Türk Toplumu Daha Fazla Baskı ve Şiddet Görmemek İçin Soykırımı Tanımalıdır”

Abtan son olarak Türkiye’de baskı ve şiddetin son bulması için yetkililere çağrıda bulunarak “Biz uluslararası delegasyon olarak burada mücadele eden insanları desteklemeye geldik. Türk toplumu için kendi farklılıklarını tanımaktan başka yol yoktur. Bu bir gerçektir. İnsanların hapiste olmasını istemiyorsa Türk toplumunun Ermeni soykırımını tanımaktan başka bir yolu yoktur. Soykırım gerçektir. Bugün dünyadaki herkesin bize bakmasını istiyoruz. Bu şiddetin devam etmemesi için hatırlamak gerekir. Türkiye’nin daha fazla baskı şiddet ve zulüm yapmaması için de geçerlidir” dedi.

 

Yeni Soykırımlar Olmaması İçin Yaşamını Yitirenleri Hatırlamak Gerekli”

Fransız Parlamento Üyesi Mirelle Clapot ise konuşmasında Sultanahmet’teki polis engeline değindi. Clapot, “Benim yaşadığım şehirde birçok Ermeni var. Bunu her zaman paylaşıyorlar.

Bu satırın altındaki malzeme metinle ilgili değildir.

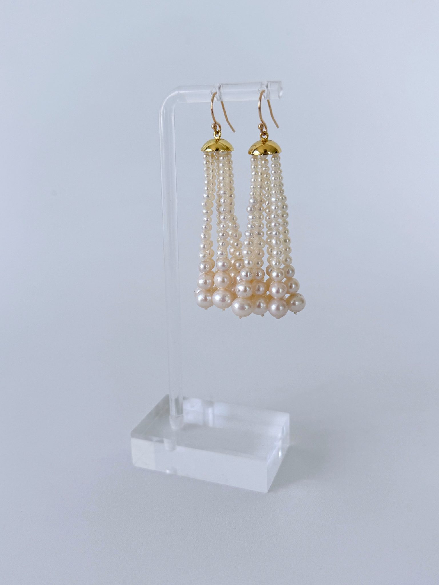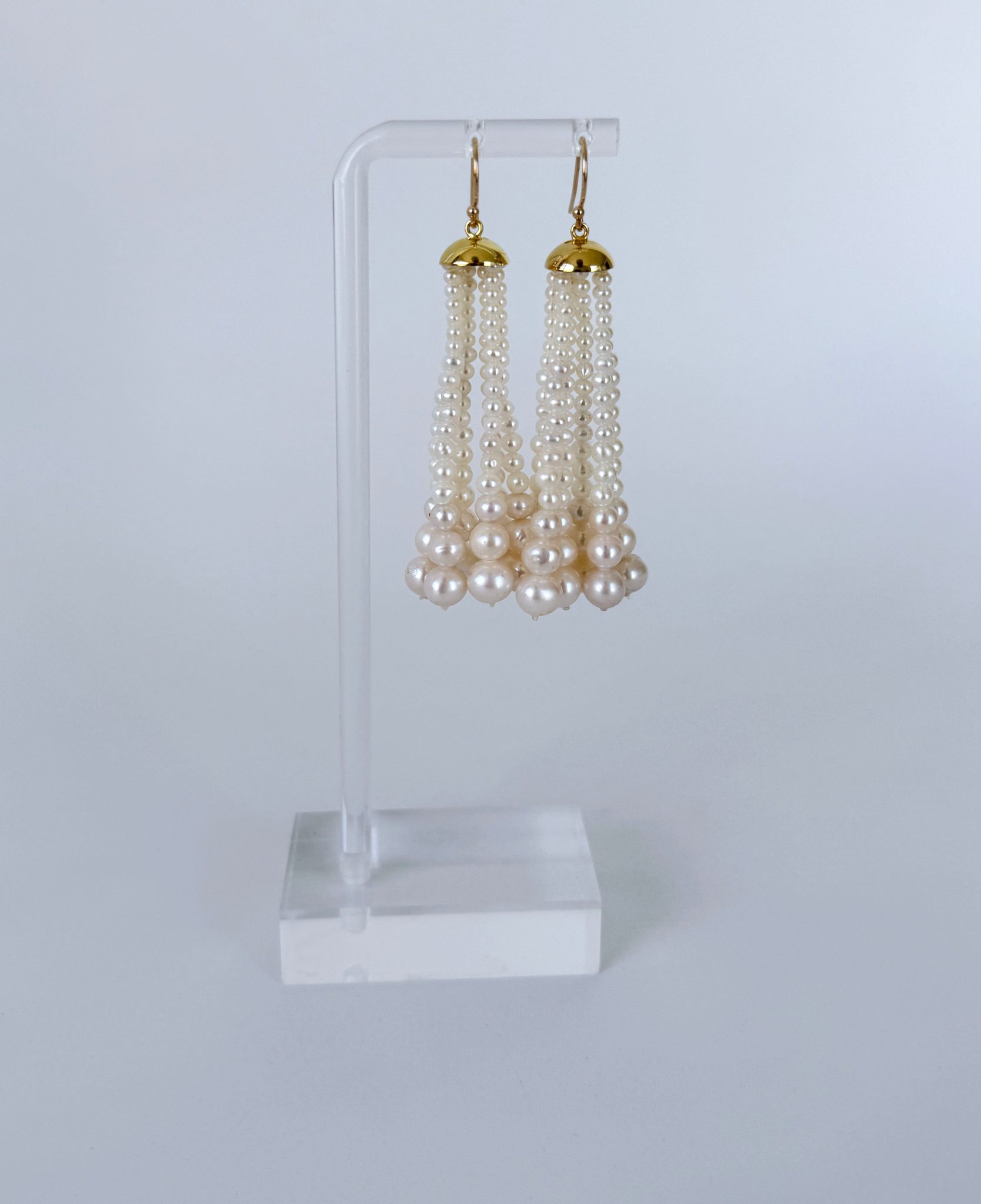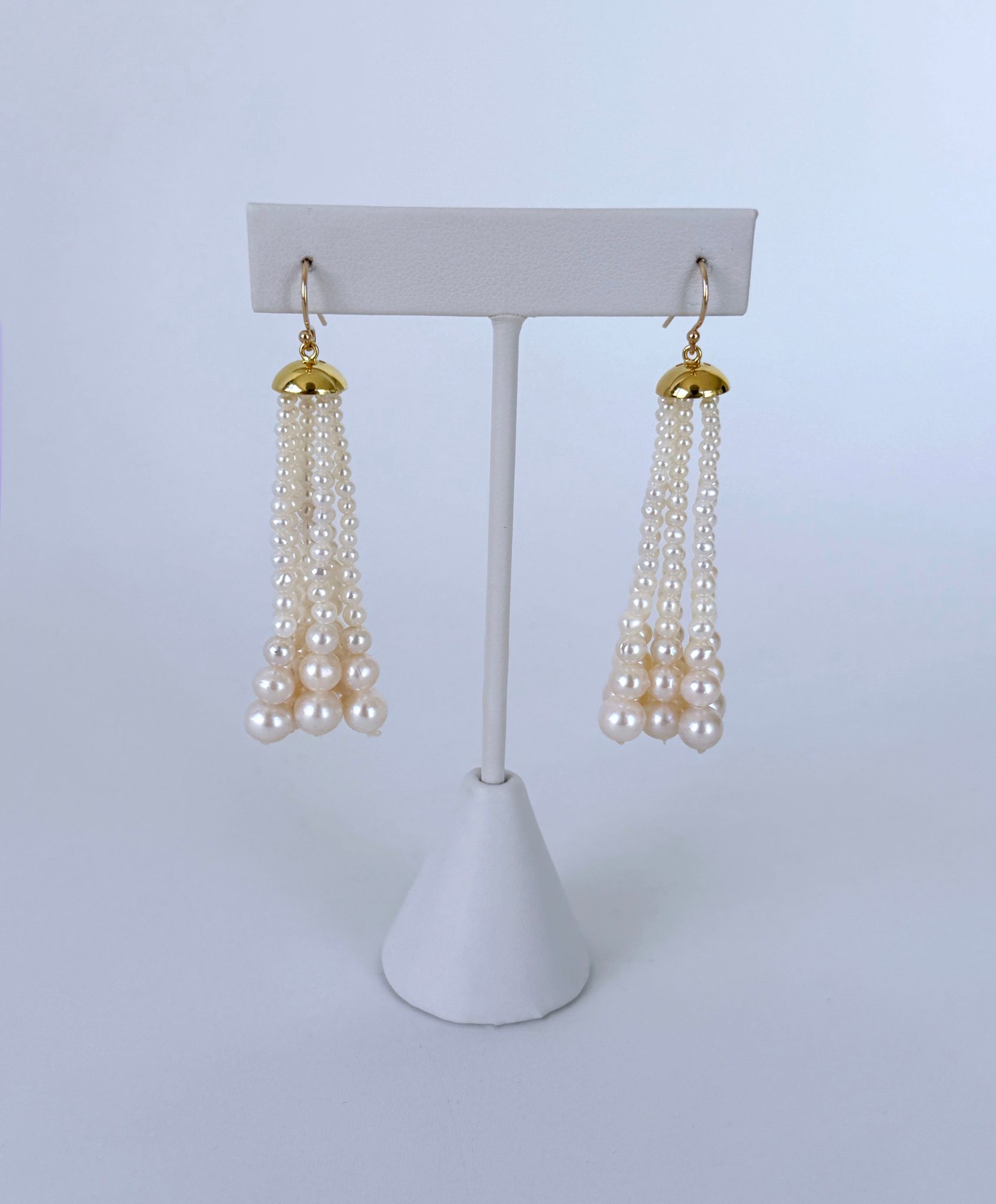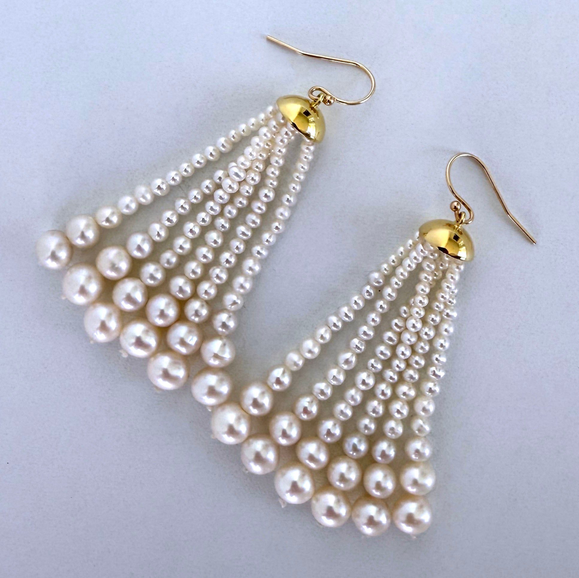 This pair features 18k Gold Plated Cups from which multiple strands of Graduate Pearls hang. Measuring 2.5 inches long, this pair hangs off Solid 14k Yellow Gold Hooks that perfectly match the cups. A great pair of Earrings for any formal evening or Bridal event.

Anmak çok önemli. Bu insanların kimliği, ailesi ve çocukları vardı. Kurbanların yaşadıklarını hatırlamak önemlidir. Yeni soykırımların olmaması için… Geçen senelere göre bu sene daha kötüleşti. Bundan sonra belki de daha da kötüleşecek. İnsan haklarının durumu olağanüstü hal kalkmasına rağmen gerçekten kötüye gidiyor. Gazeteciler, siyasetçiler, akademisyenler birçok insan iddianameler olmadan gerekçesiz yargılandı. Osman Kavala, Yiğit Aksakoğlu dahil çok sayıda insan bunları yaşıyor” dedi.

 

Kelimelerden ve Mumlardan Korkmayın”

Fransız parlamentosu üyesi olarak insan hakları aktivistlerini desteklemek için geldiğini belirten Clapot, gazeteciler, entelektüeller insan hakları aktivistlerinin korku içerisinde yaşamaması gerektiğini belirterek “Türkiye Cumhuriyeti’nden bunu bekliyorum. Yetkililerin Ermeni soykırımı anması için izin vermelerini istiyorum. Kelimelerden ve mumlardan korkmayın. Vatandaşlarınızı adaletsizliğe karşı koruyun” dedi.